Polygon price followed a clear downward trend declining from its ATH near $2.90. The price chart showed a long-lasting triangle pattern with prices forming lower highs and a flat to slightly falling support line.
This pattern often pointed to continued downward movement. The price had touched the upper boundary of the triangle several times but failed to rise above it.
Most recently, it hovered just above the $0.17 mark, which showed a serious breakdown.
The previous support zone near $0.28 had helped the price stay stable through 2023 and early 2024. However, the price broke below it, which showed weakness and suggested that negative sentiment might continue.
This $0.28 level might now act as resistance if the price tried to rise again.
The 200-day moving average, which was trending downward, had acted as resistance during the decline and stayed far above the current price.
Since the price was still below both the triangle pattern and the moving average, POL might continue to fall and possibly revisit the $0.15 level or lower.
Still, a price recovery might happen if it rose above $0.28 and stayed above the trendline near $0.45. Until that happened, the overall market structure stayed negative, with weak momentum and little sign of a rebound.
Market sentiment data showed strong negative pressure . Crowd sentiment sat slightly below zero at -0.42, which meant that everyday investors were only mildly negative.
On the other hand, smart money sentiment hit -5.00, the lowest possible reading.
This large difference showed that while retail traders still hoped for a recovery, big investors had completely lost confidence.
This sentiment matched the price falling below the key $0.28 level and sitting near $0.17, a level not seen since early 2021.
Based on the mood, any price increase might face resistance at $0.28. A move toward the trendline near $0.45 might only happen if there was a strong shift in buying. The triangle pattern supported this view.

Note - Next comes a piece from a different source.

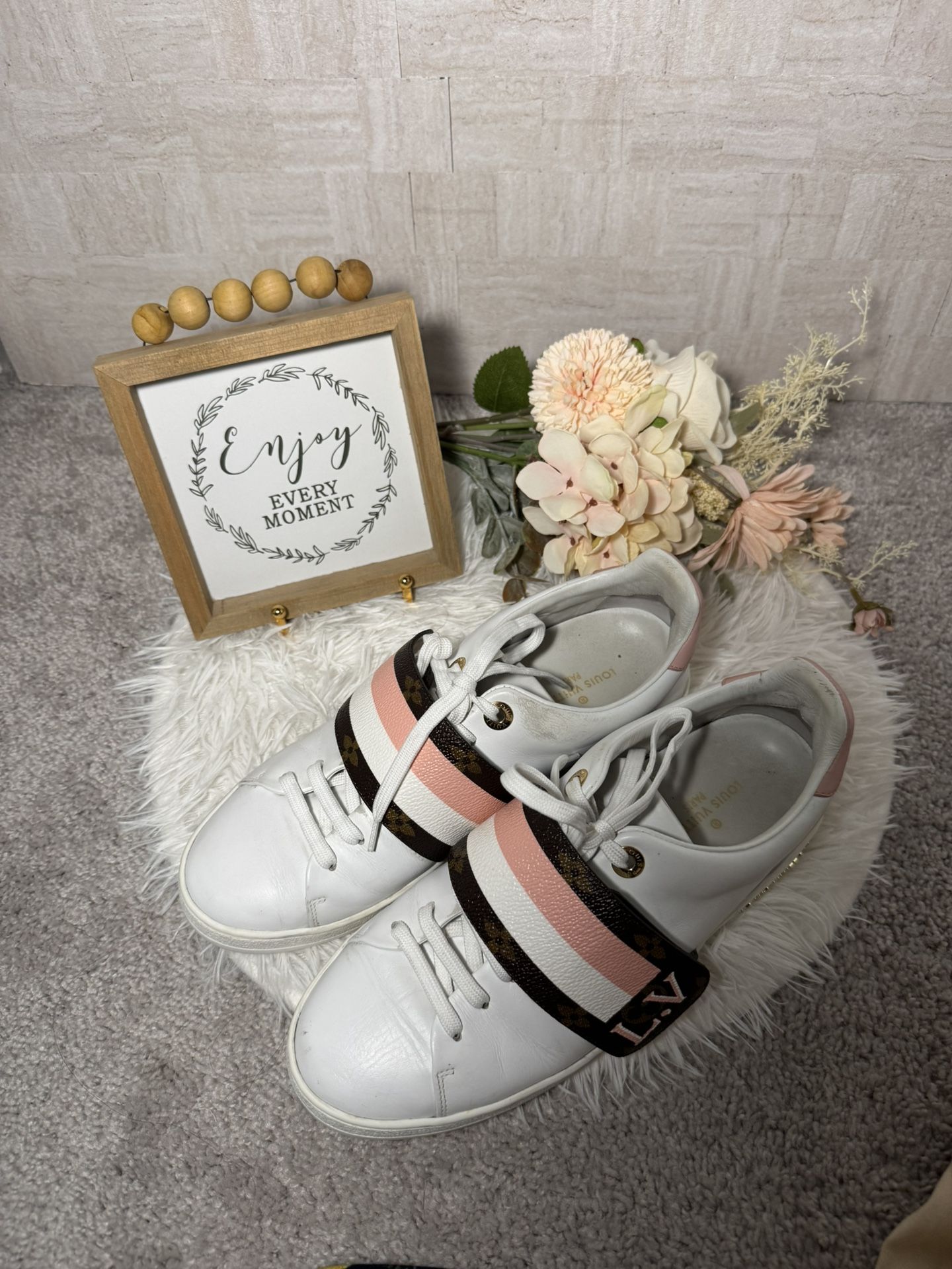 💯 Authentic. Datecode: MS 0138 Size 38 about 8 in US but can fit on 8.5 Womens. Comes with original dustbags. Flaws: Normal Wear and tear. scratches, dirt, rubbings, paint scratches are all shown on the photos. Needs some cleaning. Bottom soles are a little bit worn out by the heel area as shown on the photos. Shoelaces have stains as shown on the photos.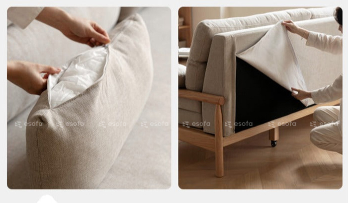 Tông vải kem sáng dịu mắt cùng phần khung gỗ mộc tự nhiên khiến chiếc sofa khi mở ra thành giường vẫn giữ nguyên vẻ ấm cúng, thanh lịch và tinh giản đúng phong cách Bắc Âu.

However, if investor sentiment—especially from smart money—improved, POL might reclaim $0.28 and begin to change direction. Until then, the indicators suggested that the price would most likely keep falling.
The POL long/short ratio chart showed a market full of uncertainty. In recent trading sessions, the ratio moved between 0.80 and 1.30, showing that traders could not agree on a clear direction.
At times, long (buy) positions briefly overtook short (sell) ones, rising above 1.20, but these moments were short-lived. This suggested that buyers did not have lasting confidence.
A pattern appeared where the ratio approached 1.25, but short-selling soon took over. This caused the ratio to drop back toward 1.00, showing that sellers continued to overpower buyers.
Between the 13th and 17th, red bars (representing more selling volume) became more common, which confirmed strong downward pressure.
If the ratio had stayed above 1.20, it might have hinted at a possible bounce back to $0.28. But if it dropped again and stayed near 0.90, the price might remain stuck below $0.20 and even fall back to around $0.17.
The current pattern showed a market struggle, but sellers still seemed to have control.